Data records:
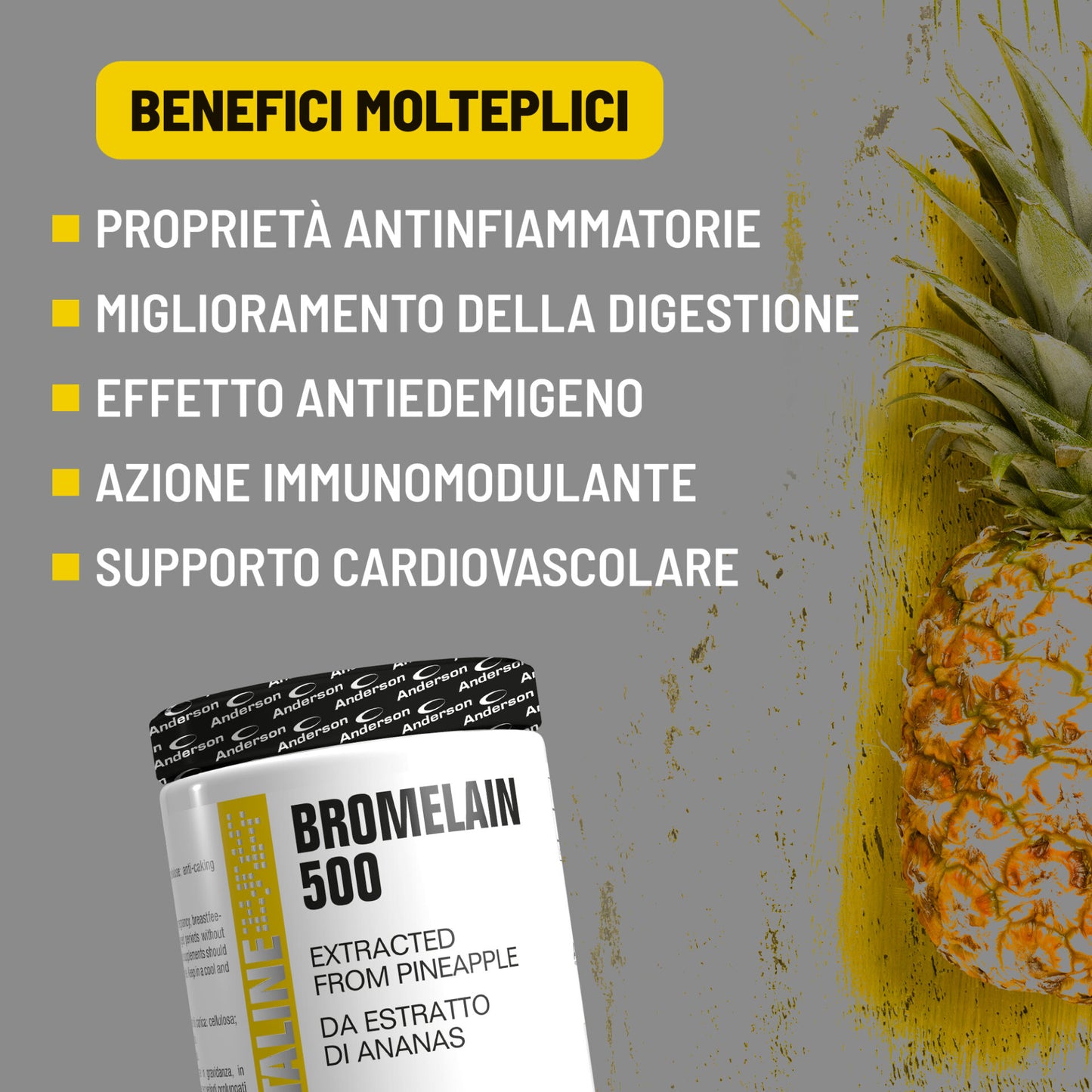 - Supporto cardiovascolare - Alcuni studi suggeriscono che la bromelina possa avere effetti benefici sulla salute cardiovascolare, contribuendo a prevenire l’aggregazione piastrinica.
--
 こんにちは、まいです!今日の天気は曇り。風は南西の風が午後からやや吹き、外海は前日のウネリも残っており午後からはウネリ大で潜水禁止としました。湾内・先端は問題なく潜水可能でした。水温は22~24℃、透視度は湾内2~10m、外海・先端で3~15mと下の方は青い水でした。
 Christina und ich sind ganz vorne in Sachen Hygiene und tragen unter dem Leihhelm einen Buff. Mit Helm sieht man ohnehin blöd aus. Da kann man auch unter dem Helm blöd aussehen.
---
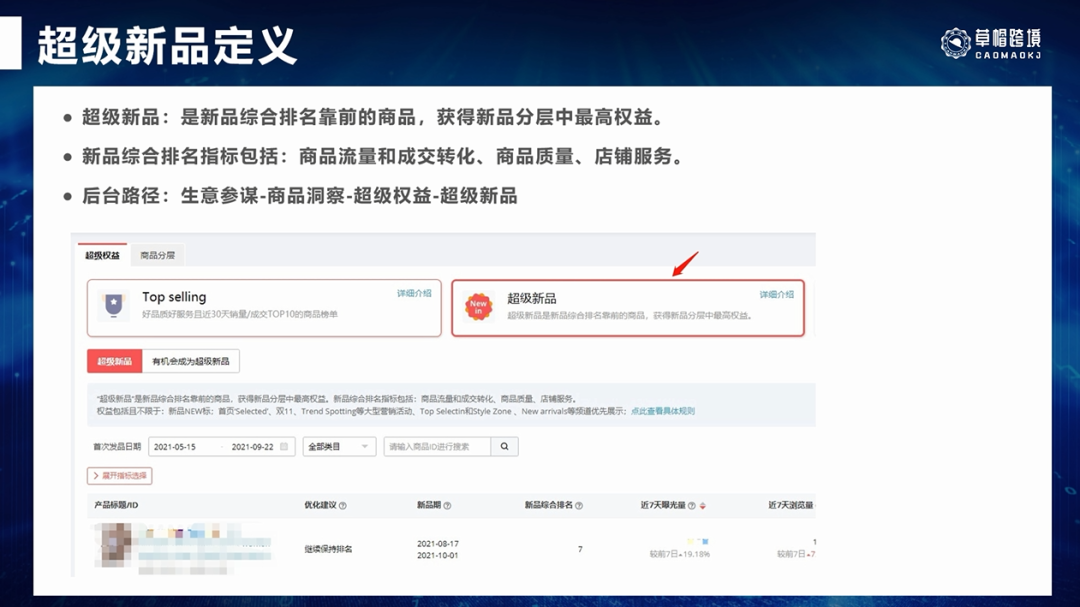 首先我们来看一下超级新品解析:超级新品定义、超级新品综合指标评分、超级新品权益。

To do: From the line holding "こんにちは、まいです!今日の" to the line holding "Christina und ich", inclusive, restate each line above exactly as written.

Exercise solution:
 こんにちは、まいです!今日の天気は曇り。風は南西の風が午後からやや吹き、外海は前日のウネリも残っており午後からはウネリ大で潜水禁止としました。湾内・先端は問題なく潜水可能でした。水温は22~24℃、透視度は湾内2~10m、外海・先端で3~15mと下の方は青い水でした。
 Christina und ich sind ganz vorne in Sachen Hygiene und tragen unter dem Leihhelm einen Buff. Mit Helm sieht man ohnehin blöd aus. Da kann man auch unter dem Helm blöd aussehen.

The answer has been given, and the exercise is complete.